August 21st — Snakeskin story

Westbrook officials sent a sample of the snakeskin off to John Palcyk, a biologist at the University of Texas at Tyler, for genetic analysis. Placyk then sequenced the skin’s mitochondrial genome and found that it belonged to an anaconda—a shocking find that officials announced on August 30.

“It was pretty unexpected, I’ll tell you that,” Palcyk said to Steve Annear of the Boston Globe. “This was a 100 percent match to an anaconda.”

To refine the ID, Placyk sent along his sequence to Jesús Rivas, an anaconda expert at New Mexico Highlands University, who compared it to a genetic database of anacondas from across South America.

In a phone call, Rivas says that the skin belongs to a female green anaconda (Eunectes murinus) that’s at least 10 to 12 years old, based on the skin’s size. The snake’s genetic quirks also suggest that its ancestors were most likely from Peru or Bolivia, though the snake probably was bred in the United States. (Find out more about green anacondas—the world’s largest snakes, pound for pound.)
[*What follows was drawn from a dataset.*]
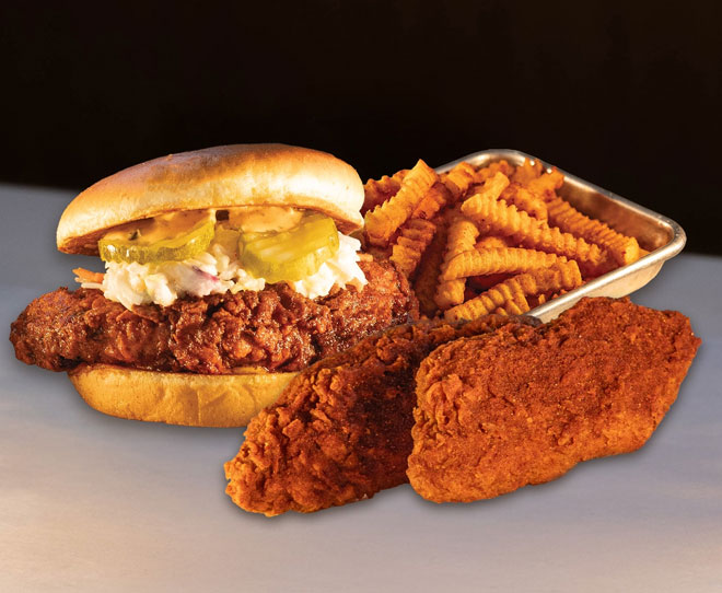 The menu sticks to the greatest hits of the hot-chicken wave: oversized chicken sandwiches piled high on toasted buns with slaw and pickles; crispy tenders served with Texas toast; and heat levels that typically range from no-spice to extra-hot for thrill-seekers.
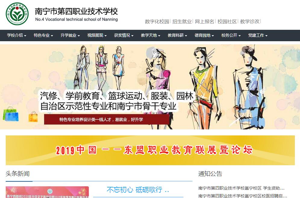 南宁市第四职业技术学校创办于1965年,是一所公办的自治区级重点中职学校和自治区级示范性中职学校。2012年成为国家中职教育改革示范建设学校。学校现有邕宁校区、竹溪校区和坛洛校区三个校区,占地面积681.29亩,建筑面积8.56万平方米。校园内高楼林立,气势宏伟,办公楼、教学楼、实验楼、实训楼、学生公寓楼等建筑错落有致,现代美观;高规格的篮球场、排球场、羽毛球场馆;400米和300米跑道的田径场各一个,尽显学校体育运动场地的魅力;图书馆藏书23.62万册;校内实训场地面积30000多平方米,90多间实训室,共有16个专业,校内4100多个实训工位,实训设备价值共4650万元。学校拥有完善的校园网及管理信息系统,计算机教室、仿真实训室、教学录播室、班班通多媒体设备满足教学与管理的需求,数字化教学资源库的建设支持着教师的教学活动,2015年7月学校被教育厅评选为广西教育信息化试点单位。以就业为导向,以服务为宗旨,注重培育学生良好品德和职业素养;坚持与生产劳动和社会实践相结合,有效提高办学质量,不断提升学生学习能力和技能水平。学校办学经验丰富,师资力量雄厚,全校现有专任教师307名。教学及辅助设施完善,实习设备齐全,实习手段先进,能充分满足教学和学生技能培养的需要。初步形成交通运输、文化艺术体育和学前教育三大专业群,以及汽车运用与维修、学前教育、运动训练、服装设计与工艺等特色鲜明的龙头专业。学校现有全日制中职学生8000余名。南宁四职校的建设与发展始终受到各级党委和政府的高度重视与大力支持。创办50多年来,学校先后为各行各业输送了数以万计的高素质技能人才,为广西经济建设的腾飞做出了突出贡献。

So how did the snake end up in Maine?

First, it’s still not clear whether the skin’s placement was an elaborate hoax meant to stoke Wessie hype. But if Westbrook is legitimately home to a loose anaconda, Lally thinks that it was released into the wild by its owners, perhaps because they could no longer care for it.

“It would have had to come from someone who either caught it or bought it somewhere, brought it here, and then decided to let it go, for some reason,” he says.

The green anaconda can grow up to 20 feet long and weigh a whopping 200 pounds. That’s a big body to feed. And the world’s largest rodent, the capybara, is the perfect entree.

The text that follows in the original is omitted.